Два тесно связанных момента, в частности, часто сбивали с пути методологические рассмотрения материальных наук вплоть до конца XVIII, а в некоторых случаях даже до начала XIX века. Во-первых, то направление мысли, которое дает нам право называть платоновско-аристотелевскую философию" понятийной философией»: то самое обстоятельство, которое в аристотелевской «логике» заставило «понятие» предшествовать «суждению»; короче говоря, направление мысли, в котором внимание направлено не на константы событий, закономерные связи процессов, а на кажущиеся константы вещей, на их «существенные» свойства или сущности. Ибо в этих абстрактных общих понятиях вещей, идеях, понятийная философия, в результате очевидного гипостазирования [приписывания мысли объективной реальности – wp], видит неизменную, истинно существующую вещь, которая лежит в основе вещей и содержится в них наряду с несущественными, изменчивыми характеристиками. (3) Отсюда вытекает и второй момент, вдохновляющий античное учение о методах: эти идеи, как и само сущее, являются единственным, что в конечном счете действует во всех приходах в бытие и уходах изменчивых вещей.

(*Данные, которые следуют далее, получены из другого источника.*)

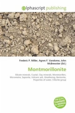 Montmorillonite is a very soft phyllosilicate group of minerals that typically form in microscopic crystals, forming a clay. It is named after Montmorillon in France. Montmorillonite, a member of the smectite family, is a 2:1 clay, meaning that it has 2 tetrahedral sheets sandwiching a central octahedral sheet. The particles are plate-shaped with an average diameter of approximately one micrometre. Members of this group include saponite. It is the main constituent of the volcanic ash weathering product, bentonite. The water content of montmorillonite is variable and it increases greatly in volume when it absorbs water. Chemically it is hydrated sodium calcium aluminium magnesium silicate hydroxide (Na,Ca)0.33(Al,Mg)2(Si4O10)(OH)2·nH2O. Potassium, iron, and other cations are common substitutes, the exact ratio of cations varies with source. It often occurs intermixed with chlorite, muscovite, illite, cookeite and kaolinite.
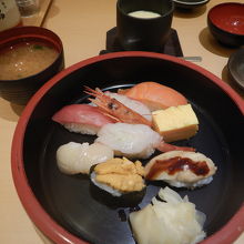 食べ放題にしてもあまり食べられないから、ランチメニューが食べられる時間なので、そちらにした。たぶん「花御膳」というメニューを注文したように思うが、店舗のサイトにはその名前のメニューがない。似たような内容のメニューはあるのだが、内容は多少異なる。内容は寿司7巻に卵焼き、みそ汁、茶わん蒸しで1501円。(クリエイトレストランツホールディングスの株主優待で1500円支払い)
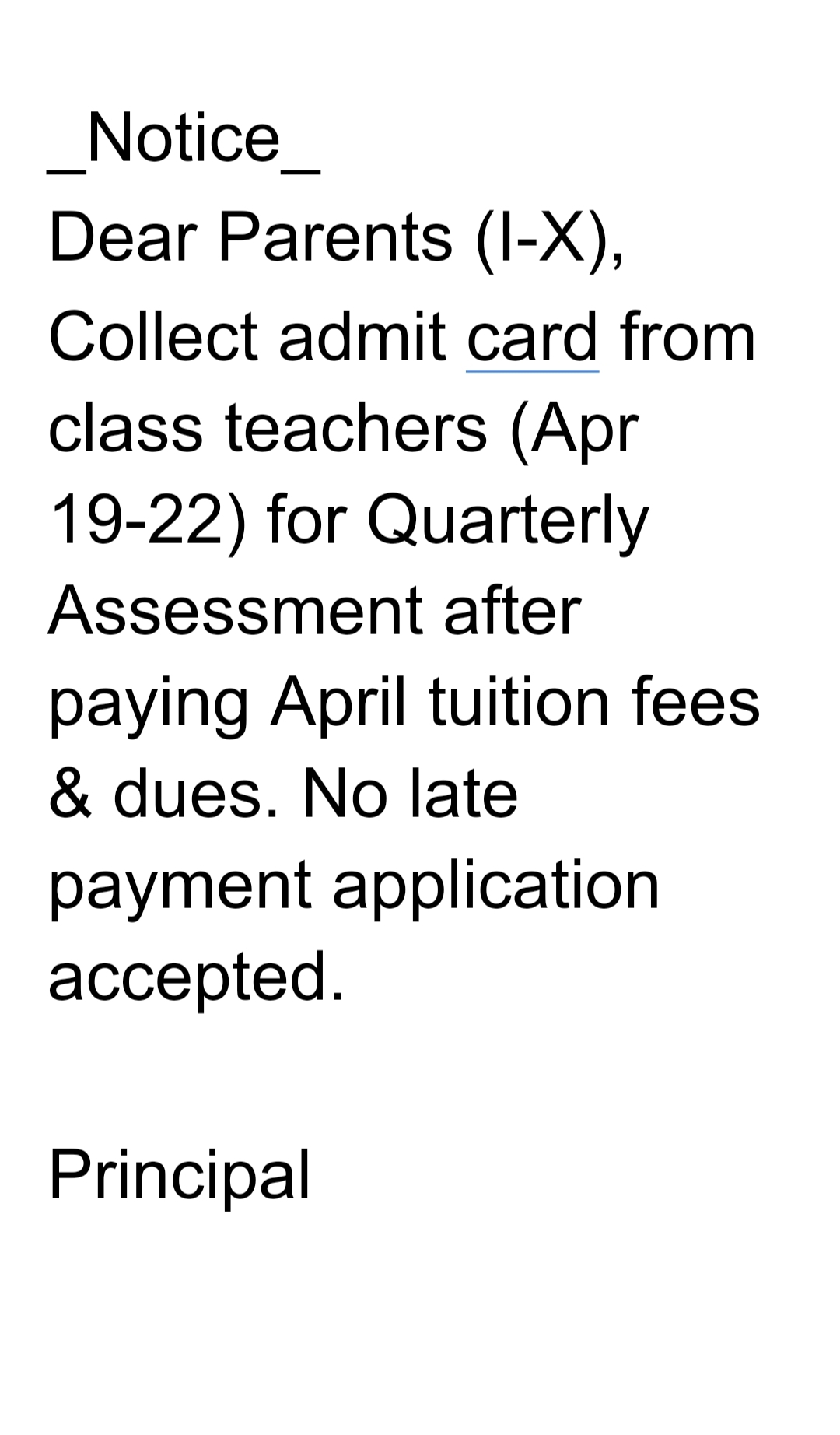 Admit Card Collection Notice. (I - X)
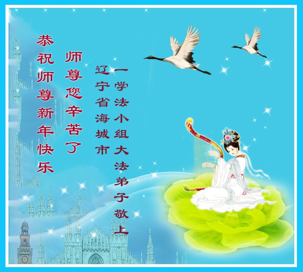 恭祝师尊新年快乐!叩谢师尊! 辽宁省营口市西市区两位大法弟子敬上 辽宁省营口市五位大法弟子恭祝师尊新年快乐!
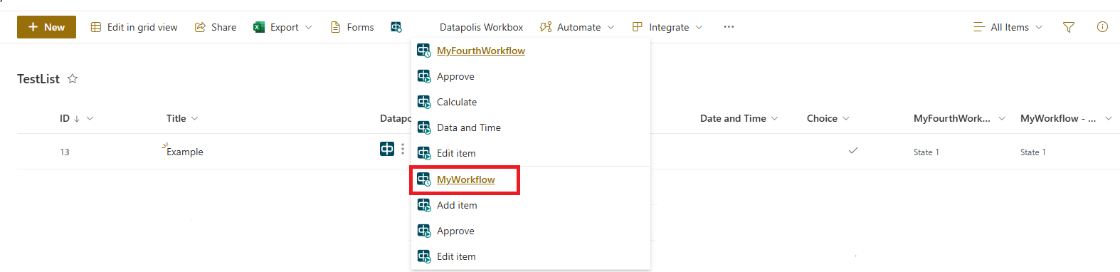 Also you can see a history of the workflow in another way. On a selected item you have to click on the dots. A menu with the name of workflow and available actions will be displayed. You have to click the name of workflow. It is shown below. A page with a workflow history preview will open.
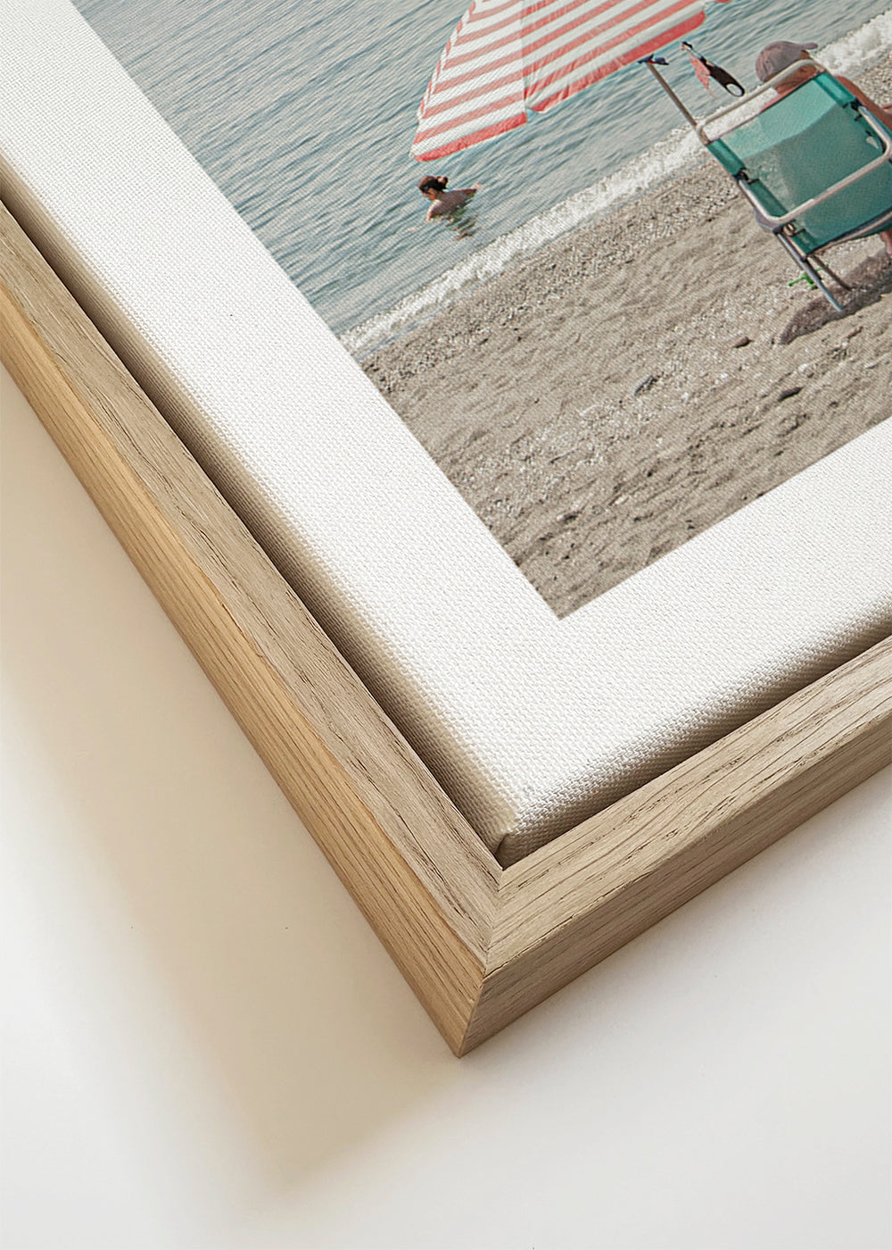 Se selezioni l'opzione passepartout, aggiungeremo la scatola di cartone bianca alla cornice e ridurremo il design dell'opera. Ad esempio, se selezioni un foglio di formato 50x70, con cornice e passepartout color rovere, ridurremo il disegno del foglio al formato precedente (40x50cm). In questo modo si adatterà perfettamente alla finestra interna del passepartout.
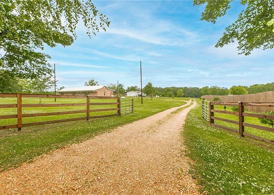 BEAUTIFUL RANCH STYLE HOME sits on 2.00 ACRES. Beautiful yard that offers a lrg 30x32 WORKSHOP, fenced-in chicken coop with a covered area for your outdoor equipment, lrg covered area for entertaining year round. Absolutely beautiful solid pine wood interior wall coverings, corner fireplace, open floor plan, lrg primary BR, with 2 walk-in closets, primary bath has separate tub/shower. WHOLE HOUSE GENERATOR. Flood (x). Measurements are approx, not guaranteed. NEVER FLOODED.

В аристотелевской теории причинности эта мысль приобретает фундаментальное значение. Мы лишь формулируем то, что в ней содержится, когда говорим, что, согласно ей, активные и одновременно целерациональные причины могут быть выведены простым анализом из существенного содержания следствий, и что точно так же возможные следствия каждой причины могут быть выведены из ее дефинитивно определенного содержания. Таким образом, мысленное определение причинно-следственных связей становится, а вместе с ним в принципе и воплощением методов материальных наук, рациональным, аналитическим, дедуктивным методом. (4) Таким образом, эти науки остаются совершенно независимыми от особого содержания прогрессивного опыта, равно как и в принципе интерпретированных таким образом методов.

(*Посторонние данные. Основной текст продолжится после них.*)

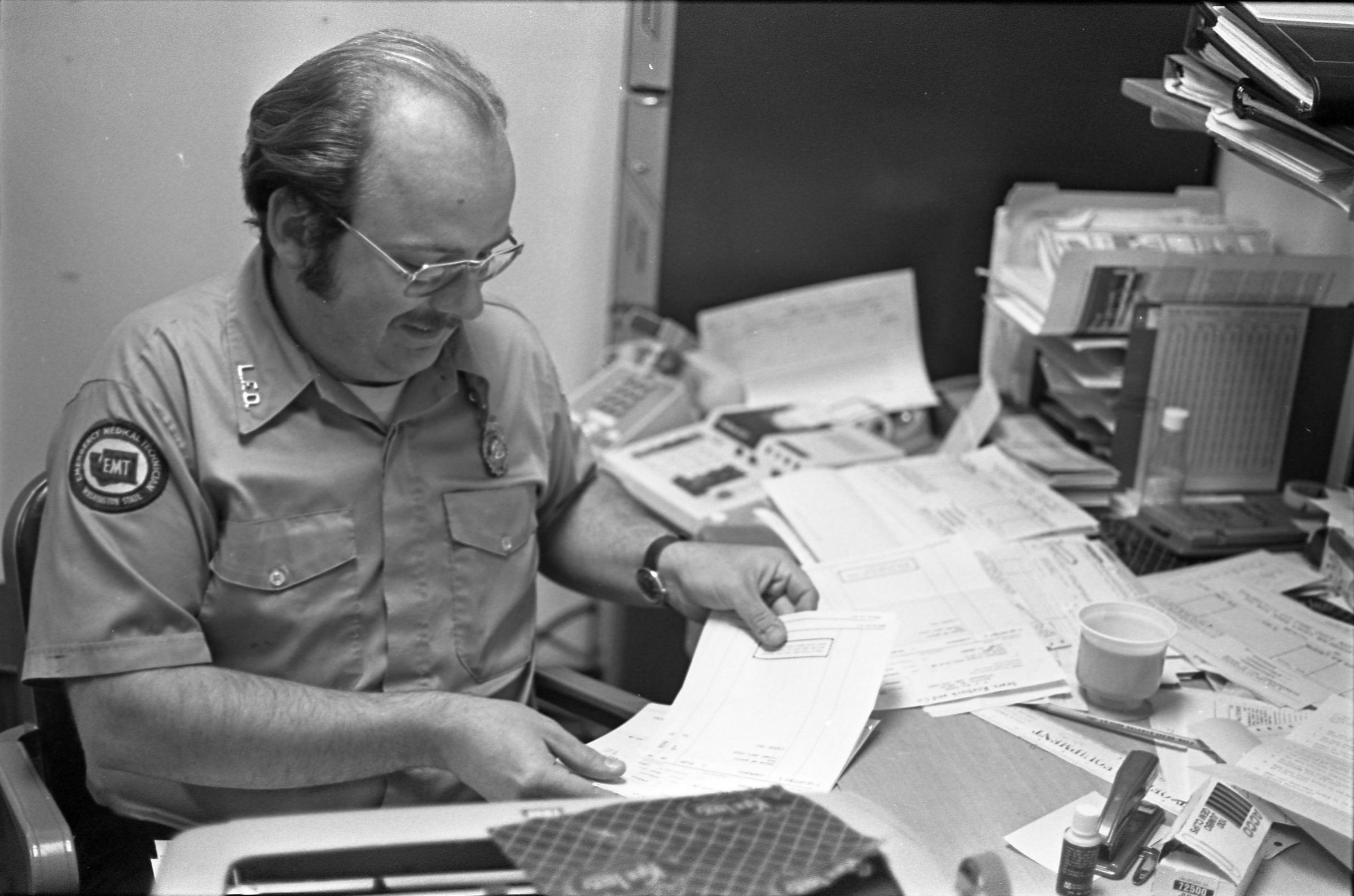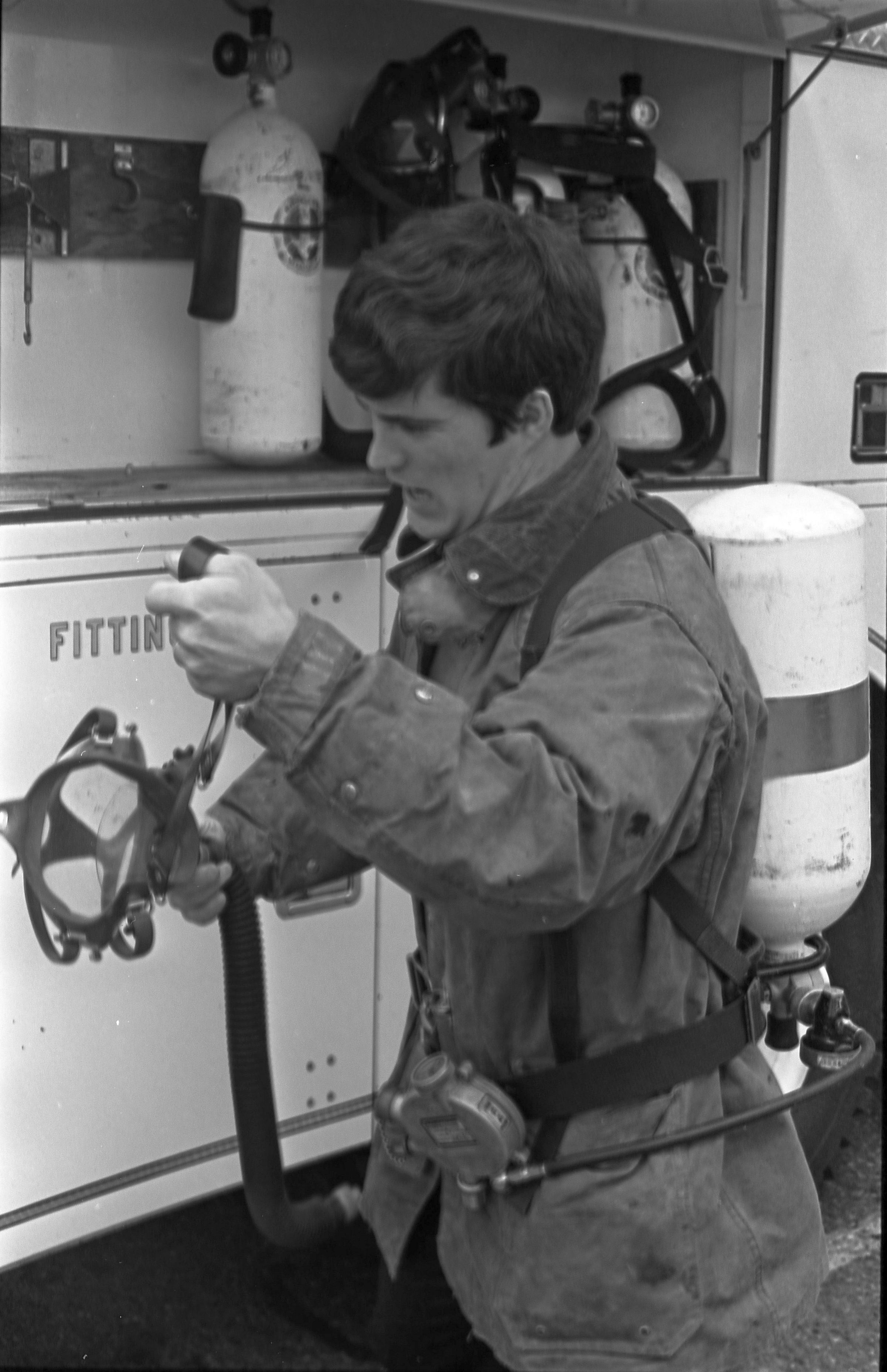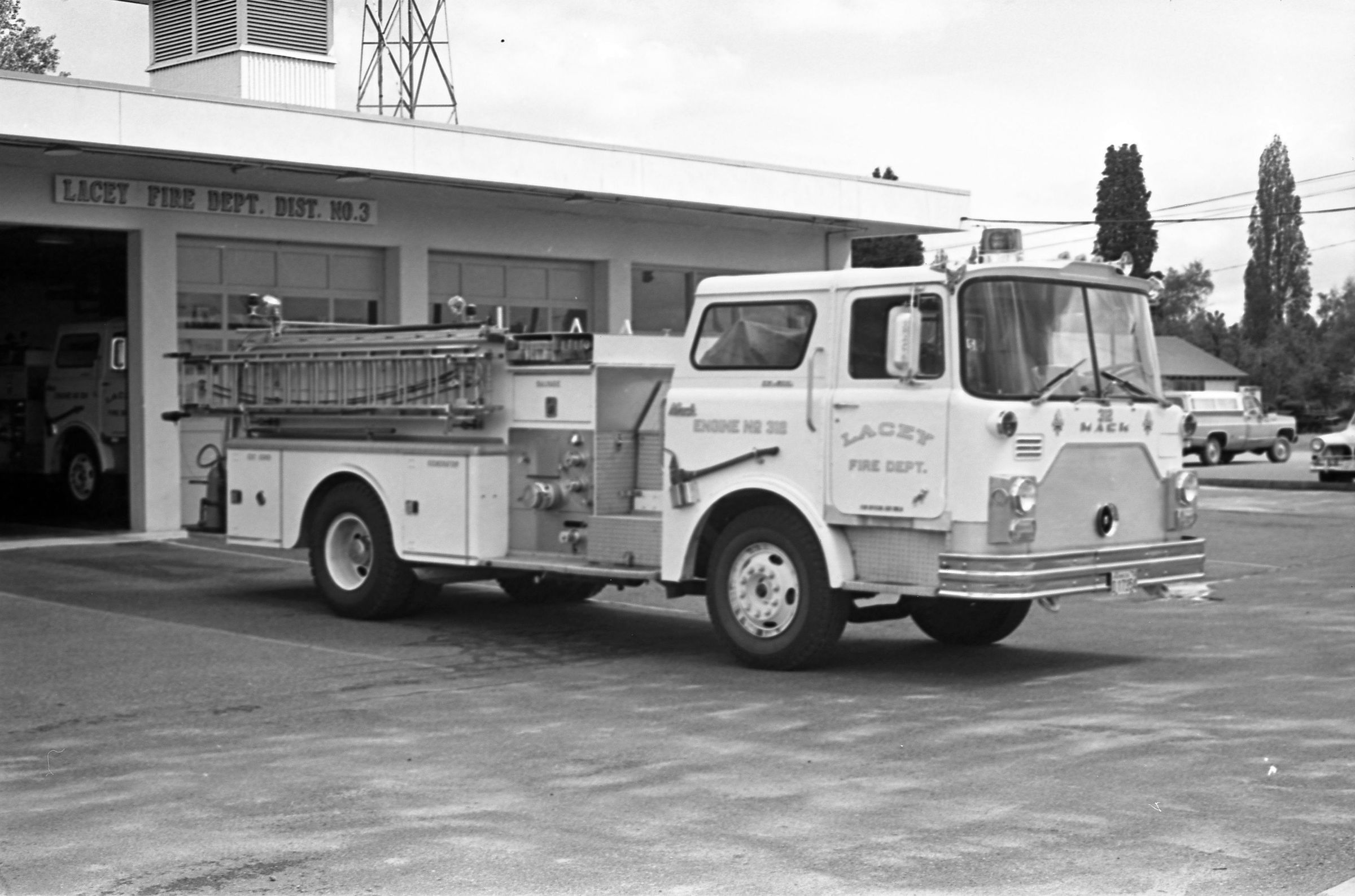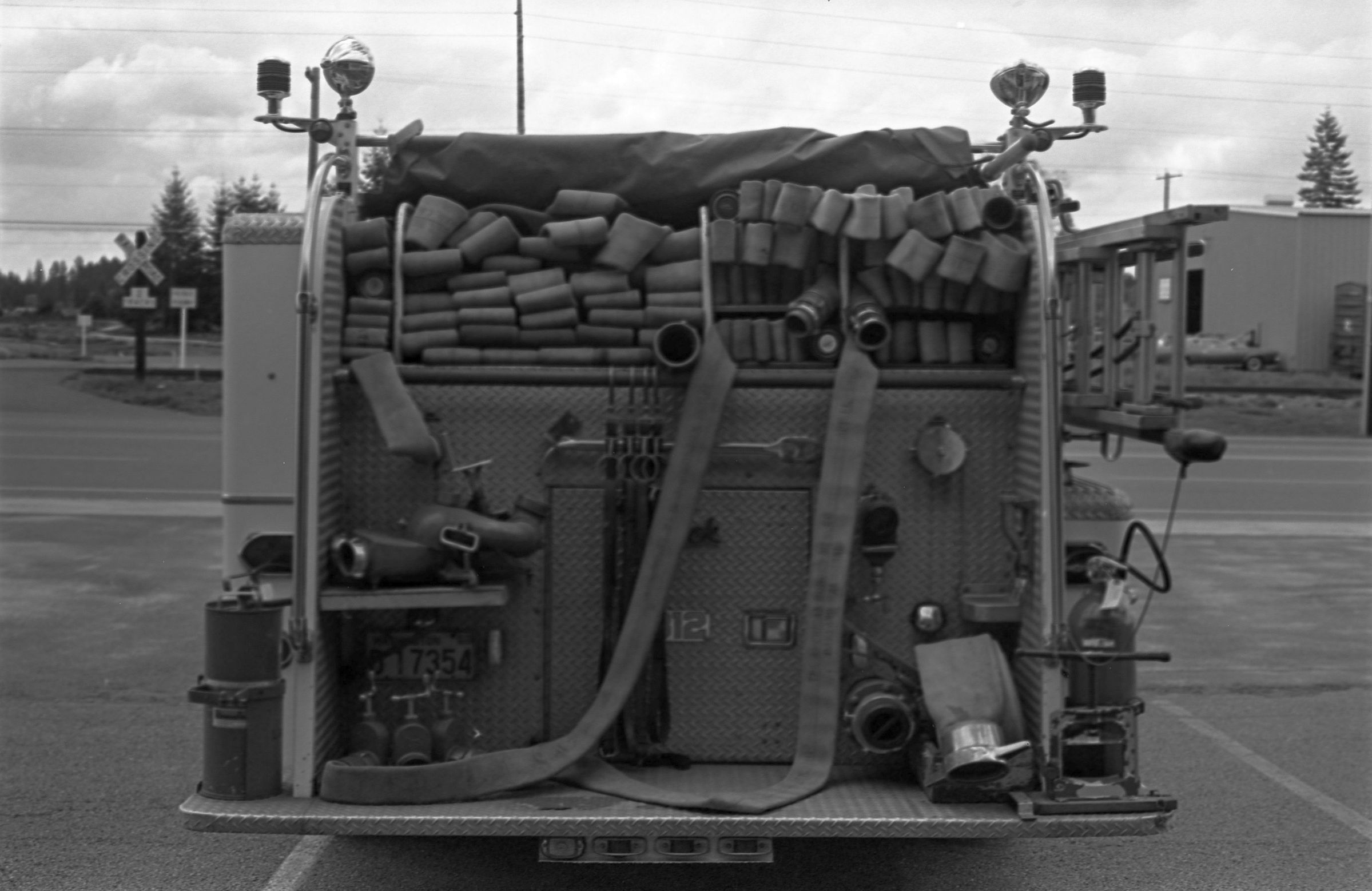 Lacey Fire Department. Unknown date. These seven black and white negative strips were created for the Lacey Leader newspaper. They depict fire department employees and equipment.Made/Created

Таким образом, по сути, упраздняется всякое существенное различие между математическим и каузальным мышлением в пользу рационалистической интерпретации методов материальной науки. Соответственно, в XVII веке не индуктивное мышление основывает новую эпоху нашей науки, а дедуктивный математический инструментарий научного исследования становится образцом всех научных методов. Фанфары, которыми Франциск Бэкон сопровождает натиск индуктивных методов в естественных науках своего времени, остаются неэффективными, поскольку не несут в себе никакой перестройки традиционной аристотелевско-схоластической идеи причинности, и, соответственно, не свидетельствуют ни о понимании проблемы индукции, ни о понимании значения индуктивных методов своего времени (5). Декарт, Гоббс, Спиноза и их интеллектуальные родственники развивают свой mathesis universalis в манере геометрического мышления; Лейбниц стремится приспособить свой spécieuse générale к мышлению математического анализа. Старое методологическое убеждение обретает свою самую резкую форму в учении Спинозы: «aliquid efficitur ab aliqua re» [Нечто превращается в вещь. – wp] означает: «aliquid sequitur ex ejus definitione» [Нечто следует из определения. – wp].

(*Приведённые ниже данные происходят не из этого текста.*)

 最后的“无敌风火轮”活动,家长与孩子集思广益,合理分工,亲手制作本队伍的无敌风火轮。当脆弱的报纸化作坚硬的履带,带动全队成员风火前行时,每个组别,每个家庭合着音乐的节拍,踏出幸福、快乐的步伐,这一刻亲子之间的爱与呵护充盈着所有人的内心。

Фактически самые простые способы мышления редко бывают исторически самыми близкими. Новые проблемы и решения изначально эффективны благодаря их очевидному содержанию и последствиям, а не традиционным предположениям, на которых они основаны. Когда примерно в середине XVII века понимание специфического различия между ментальными и физическими процессами вышло на первый план в самой резкой формулировке, невидимая предпосылка аналитической связи между причиной и следствием не стала сомнительной, а была на время ясно осознана. Потребовалось отвлечение через окказионализм [учение о причинах возможности – wp] и предварительно стабилизированная гармония с обращением к всемогуществу Бога, чтобы стало возможным спросить, является ли предположение о том, что связь между причиной и следствием аналитически рациональна, на самом деле истинным.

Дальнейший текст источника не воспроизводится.